SAP HANA has different engines to process different views. Some of the them are:
- Planning Engine: Facilitates planning, budgeting, and forecasting by analyzing past data and performance indicators to project future scenarios.
- Join Engine: Optimizes the processing of joins and attribute views with techniques like parallelization and column store optimization.
- OLAP Engine: Used to process analytical view. Analyzes large datasets to produce summary reports for business intelligence and decision making process.
- Calculation Engine: Handles complex calculation, including statistical analysis, predictive modelling, and machine learning.
- SQLScript: Used for developing custom business logic, data transformation and data validation routines.
- SQL Parser: Responsible for analyzing and interpreting SQL statements. When a client application sends a SQL query to the server, SQL parser analyzes the syntax of the query, checks for errors, and generates internal representation of query. It enables efficient and accurate processing of SQL queries.
- SQL Engine: Receives SQL queries from client applications and translates them into executable instructions for the database.
- Multi-dimensional Expression (MDX) Engine: MDX is a query language used to extract data from multi-dimensional databases such as online analytical processing (OLAP). MDX engine is used to create complex queries and retrieve data from multiple dimensions, measures, and hierarchies.
Relational Engines
- The relational engines in SAP HANA Index server utilizes both column-store and row-store.
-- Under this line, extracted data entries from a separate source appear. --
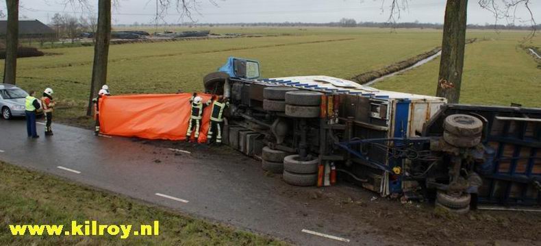 Op de N331 vlakbij Zwartsluis is rond 9.15 uur een vrachtwagen met aanhanger van de dijk geraakt en tegen een boom gekanteld. |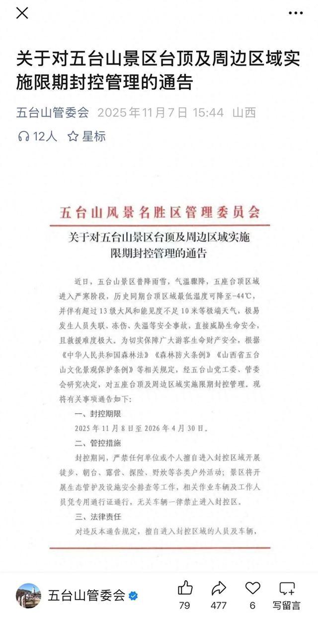 据五台山管委会公众号发布,由于近期五台山景区普遍雨雪,气温骤降,五座台顶区域进入严寒阶段,极易发生人员失联、冻伤、失温等安全事故,直接威胁生命安全,且救援难度极大,因此2025年11月8日至2026年4月30日将对五座台顶及周边区域实施限期封控管理,封控期间严禁任何单位或个人擅自进入封控区域开展徒步、朝台、露营、探险、野炊等各类户外活动,违反者景区综合行政执法队、公安分局等部门将依法予以劝返。
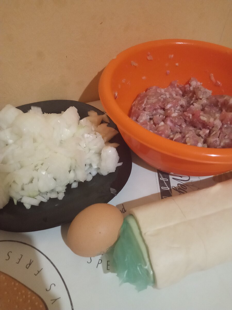 Лук режем мелкими кубиками. В фарш добавляем лук, солим, перчим по вкусу, зиру немного растереть пальцами добавить 1-2 шепотки, в фарш добавить пол стакана холодной воды для сочности. Все хорошо перемешиваем. Тесто разрезаем на кусочки, раскатываем по 5мм квадратной формы. Кладем фарш по 2ст ложки.
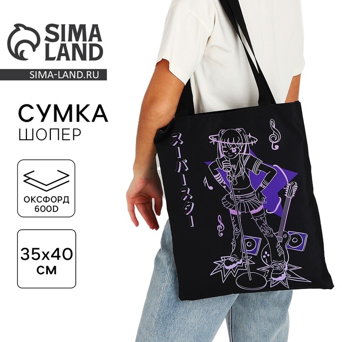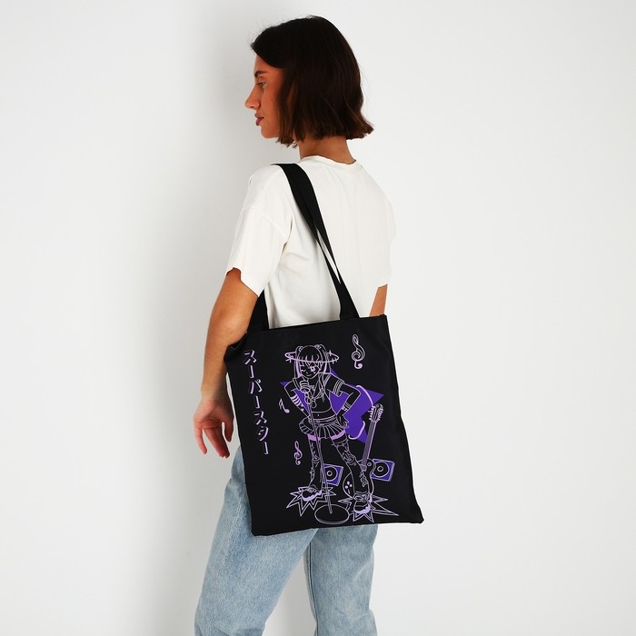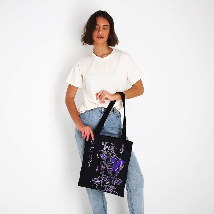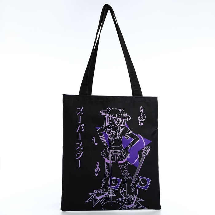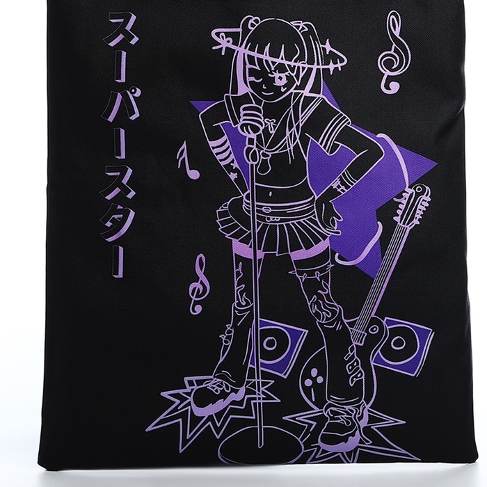 Шопер «Аниме» 35х0.5х40 см, отд без молнии, без подклада, чёрный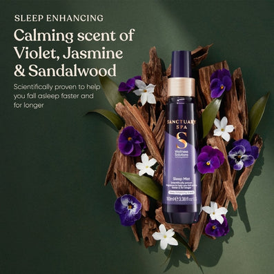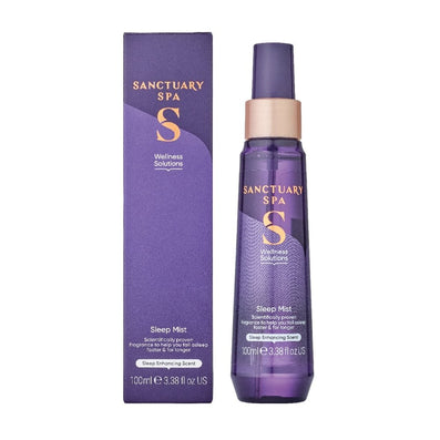 Sanctuary Spa Wellness Solutions Sleep Mist (100ml) is fragranced with a heavenly blend of Violet, Jasmine and Sandalwood and has been scientifically proven to help you fall asleep more quickly and for longer.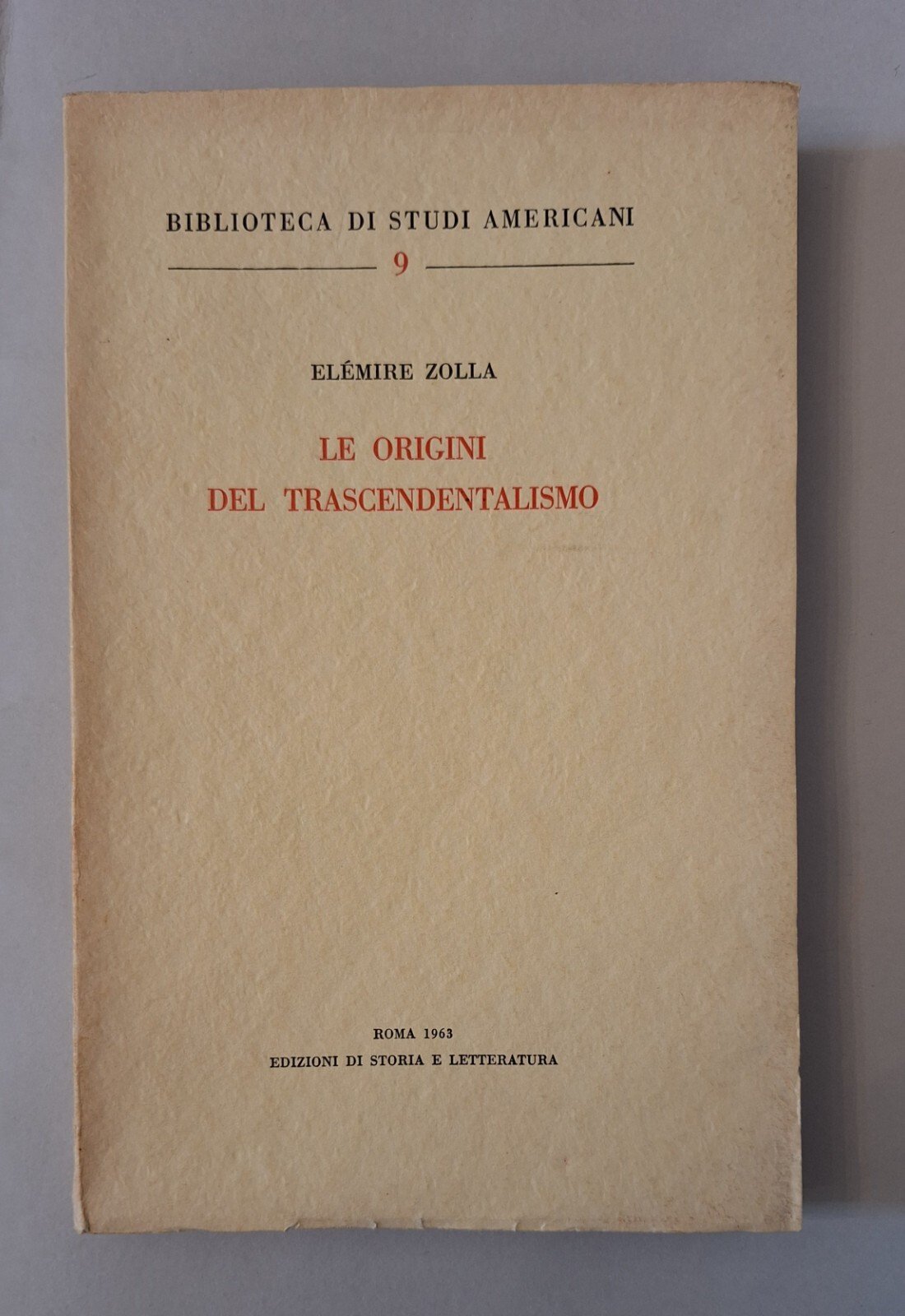ELEMIRE ZOLLA LE ORIGINI DEL TRASCENDENTALISMO ED. DI STORIA LETTERATURA 1963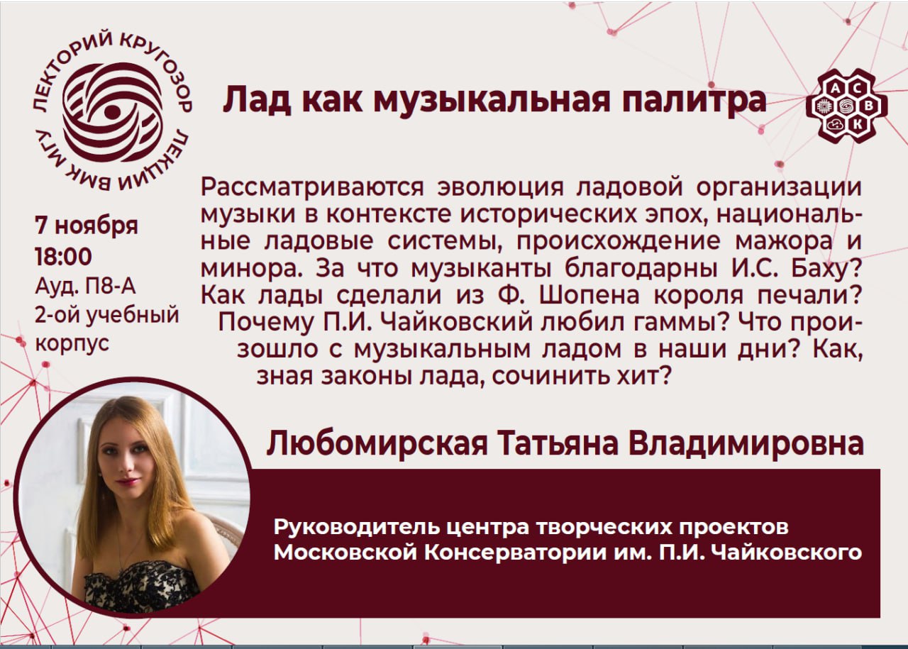 Лекция «Лад как музыкальная палитра» состоится 7 ноября 2024 г. в 18:00 в ауд. П8-А во втором учебном корпусе.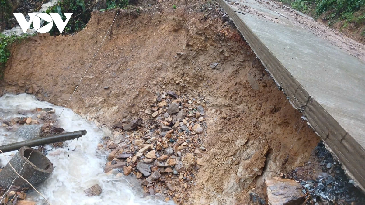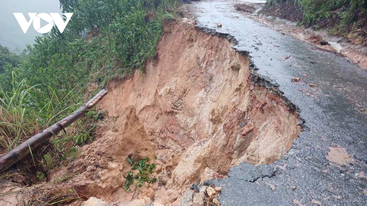 VOV.VN - Mưa lớn kéo dài nhiều ngày qua tại miền núi tỉnh Quảng Ngãi gây ra sạt lở đất nghiêm trọng, ngập lụt, cô lập nhiều xã, làm hư hỏng cầu, đường và nhà dân. Hàng chục hộ dân đã được sơ tán khẩn cấp, nhiều đường thôn, đường xã ở miền núi sạt lở, ách tắc giao thông.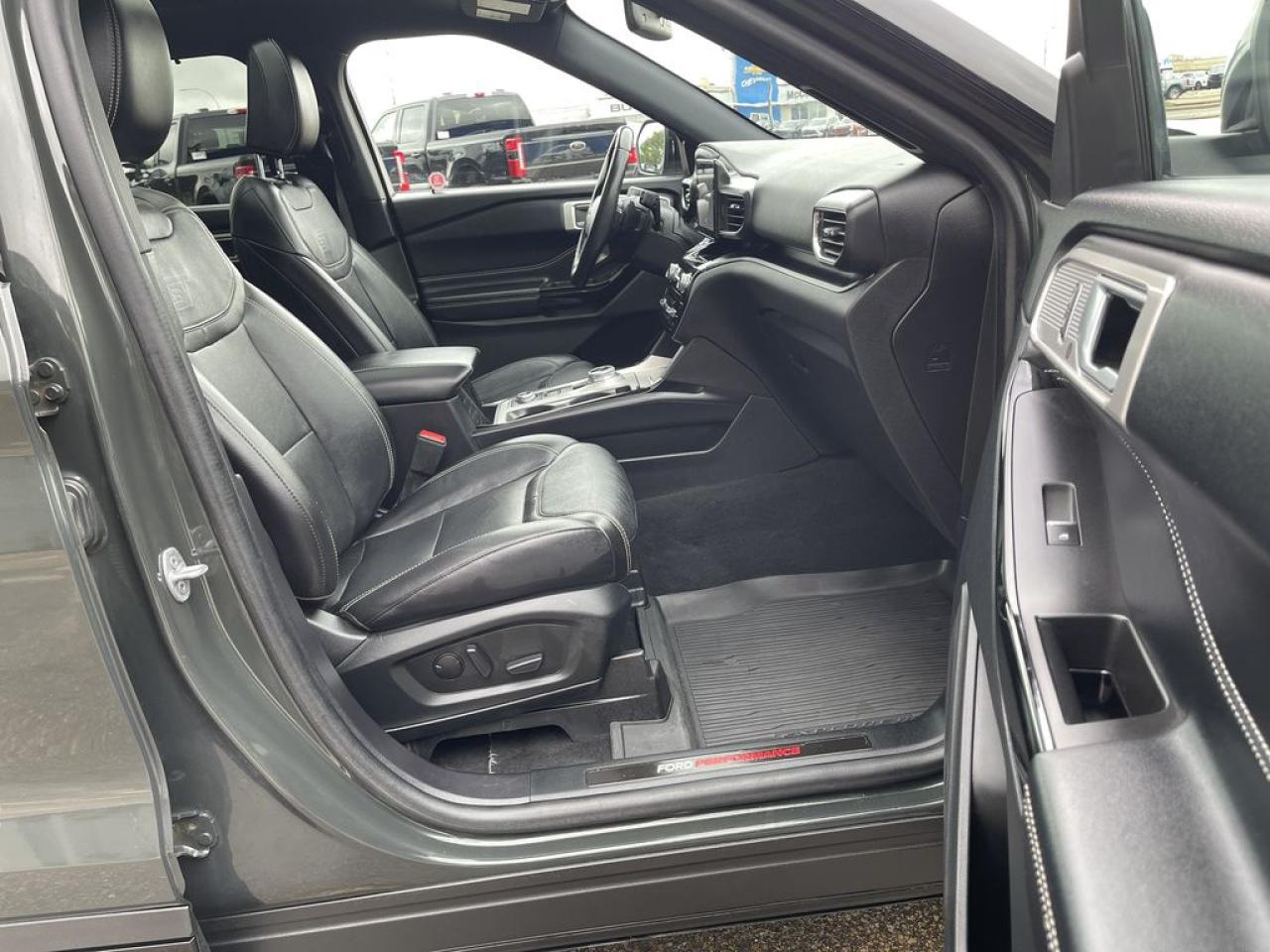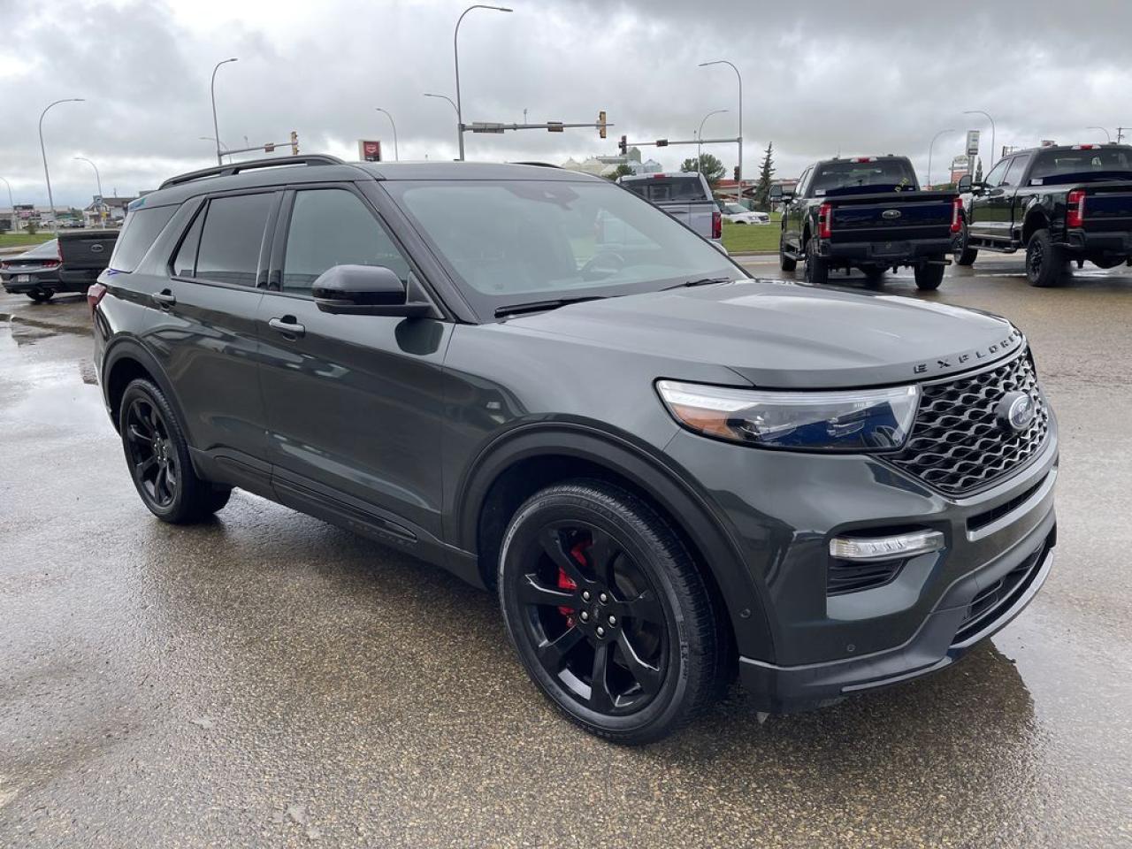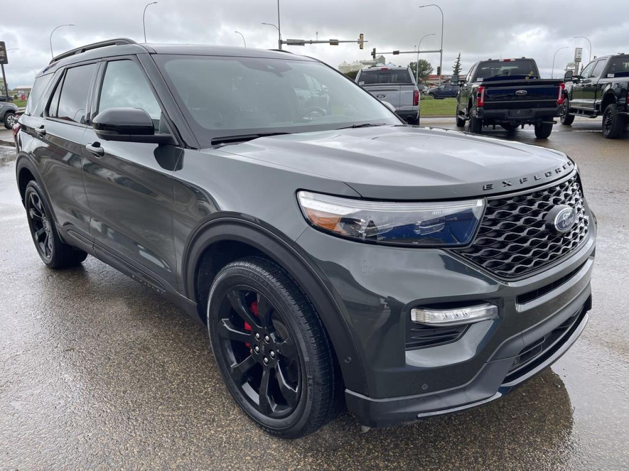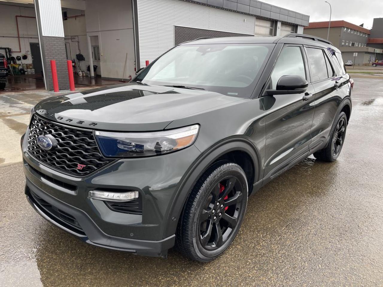 THE PRICE YOU SEE, PLUS GST. GUARANTEED! APPLE CARPLAY/ANDROID AUTO COMPATABLE! 3.0 LITER ECOBOOST, 10 SPEED AUTO, ST TRIM(401a), ST STREET PKG, TWIN PANEL MOONROOF, HEATED/VENTED FRONT SEATS, HEATED STEERING WHEEL, CLASS IV TRAILER TOW PKG, SYNC 3. The 2022 Ford Explorer ST is a high-performance variant of Fords popular midsize SUV lineup, equipped with a robust 3.0-liter EcoBoost V6 engine that delivers impressive power and acceleration. This turbocharged engine produces around 400 horsepower and 415 lb-ft of torque, enabling the Explorer ST to achieve brisk acceleration and confident highway cruising. The vehicle features sport-tuned suspension, upgraded brakes, and a performance-oriented all-wheel-drive system to enhance handling and stability, especially during spirited driving. The ST Street Package further elevates the SUVs sporty appeal by adding visual enhancements such as unique exterior accents, upgraded wheels, and interior details like sport seats and exclusive trim elements. Inside, the Explorer ST offers a modern, driver-focused cockpit with advanced technology, including a large touchscreen infotainment system, premium audio, and driver assistance features. Overall, the 2022 Ford Explorer ST with the 3.0-liter V6 and ST Street Package combines powerful performance, aggressive styling, and modern amenities, making it an attractive choice for enthusiasts seeking a versatile yet sporty SUV.Do you want to know more about this vehicle, CALL, CLICK OR COME ON IN!*AMVIC Licensed Dealer; CarFax and Full Mechanical Inspection Included.

- Column-stores excel in analytical workloads requiring rapid processing of large data volumes. Row-store are suitable for transactional workloads, characterized by frequent data access and updates by row.
Persistent Layer
- It is tasked with maintaining transaction durability and atomicity.
- It tracks committed states of transactions and writes them to disk. They ensures that transactions are executed entirely or not at all, allowing the database to be restored to the latest committed state after a system restart.
Transaction Manager
- In the HANA database, SQL statements are executed within the scope of a transaction.
- The transaction manager oversees the entire transaction process, managing isolation levels, and monitoring running and completed transactions.
- It ensure that transactions are atomic and durable, even in the event of a system failure, providing effective and reliable transaction management for users and applications.
Metadata Manager
- It serves as a central repository for all metadata related to data objects (tables, views, columns, indexes, procedures etc).
- It stores all metadata in a unified database catalog, offering a comprehensive view of data objects and processes in the database.
- It also supports transaction handling and multiple versions simultaneously, making it a vital tool for efficient data management in SAP HANA.
Authorization Manager
- It ensure users have the necessary privileges for requested operations. Allows administrators to grant permissions for specific operations or objects based on user’s need and responsibilities.
- This manager supports complex access control policies and integrates with external authentication systems like LDAP or Active Directory, bolstering security.
In conclusion, SAP HANA’s Index Server architecture is a robust framework that orchestrates data processing, session management, query optimization, data storage, transaction management, metadata handling, and access control. Understanding the intricacies of this architecture is essential for harnessing the full potential of SAP HANA’s data management capabilities.